Despret’s work allows me to see this as a vital way forward for animal studies. In a field that is growing so fast that it feels almost impossible to keep up with the work from one’s own discipline, she reminds us of the value of looking over the fences that have been put up by institutions and their managers. She asks us to recognize that new ways of thinking might come from attempts to read across boundaries and to speak — politely — to those who live in the next enclosure. Despret has taught me, through her explorations of the worlds of people and animals, that we do not speak alone; we all speak to and with others for whom we should try to form our words, and who, in turn, will transform them to make new meanings. In the midst of these conversations common ground is possible. There is the potential for situations in which, as she writes, “a ‘we’ is created,” and “at the heart of” such situations, “perspectives are changed.” What is crucial here is “a particular skill: that of imagining being able to see with the eyes of an other” (31).

Towards the end of What would Animals Say If We Asked the Right Questions? Despret asks, “what does this do to think like this?” (179). Thinking differently, for Despret, is not an intellectual exercise, it is an action that can transform the world; it can uproot the hierarchies that allow us to regard cows as fleshy machines when they are actually actively purposefully collaborating in the work of the farm; it can challenge the assumptions that let us laugh at the idea that a bull might understand that he is a star. I began with Woolf’s definition of “The true philosopher” as “he who has lost his coat but is free from fleas,” and now I can see that I should actually pause over whether that is actually so fitting a way of thinking about Despret’s work after all. She is shedding hierarchy, no doubt; but she is also making room for others. Rather than ridding herself of unwished for collaborators, Despret argues for the need to “deterritorialize oneself, to open oneself up to new agencements of desire, to cultivate an appetite for metamorphoses, and to forge multiple affiliations” (137). There might be room for a few fleas after all.

    Works Cited

    • Buchanan, Brett. “The Metamorphoses of Vinciane Despret.” Angelaki 20:2 (2015). 17-32.

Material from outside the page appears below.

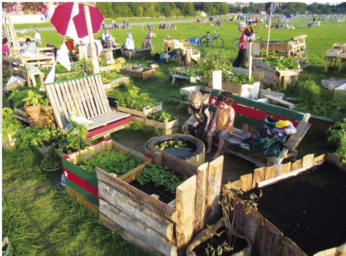
Gartengestaltung im Allmende-Kontor Berlin

    • Despret, Vinciane. “The Body We Care For: Figures of Anthropo-zoo-genesis.” Body & Society 10:2-3, 2004a. 111-134.

    • Despret, Vinciane. Our Emotional Makeup: Ethnopsychology and Selfhood. Trans. Marjolijn de Jager. Other Press, 2004b.

    • Despret, Vinciane. “Sheep do have opinions.” Making Things Public: Atmosphere of Democracy. Bruno Latour and Peter Weibel, eds. MIT Press, 2005. 360–368.

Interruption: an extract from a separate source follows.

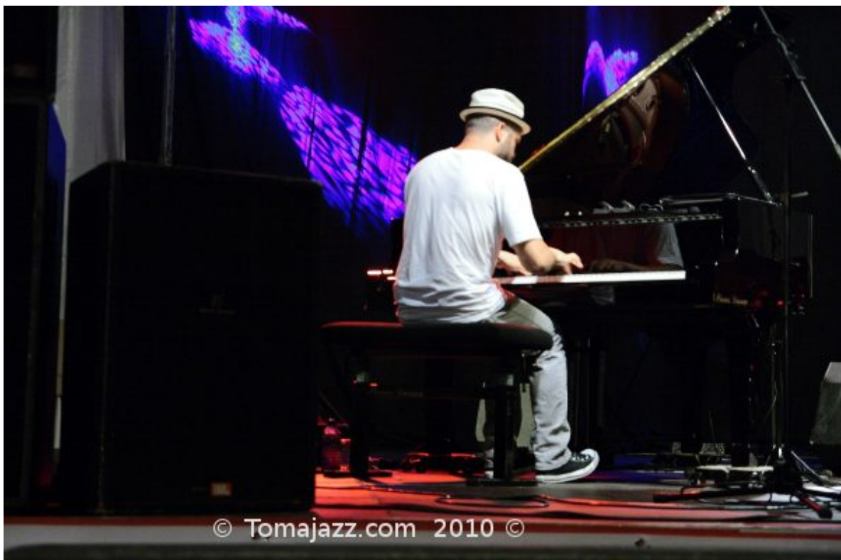
Jason Moran

    • Despret, Vinciane. “The Becomings of Subjectivity in Animal Worlds.” Subjectivity 23 (2008): 123-139

    • Despret, Vinciane. “From Secret Agents to Interagency.” History and Theory 52.4 (2013): 29-44.

    • Despret, Vinciane, and Jocelyne Porcher. “The Pragmatics of Expertise.” Trans. Stephen Muecke. Angelaki 20.2 (2015): 91-99.

    • Haraway, Donna. The Companion Species Manifesto. Prickly Paradigm Press, 2003.

    • Haraway, Donna. “A Curious Practice.” Angelaki 20.2 (2015): 5-14.

    • Woolf, Virginia. Flush. (1933) Kate Flint, ed. Oxford UP, 1998.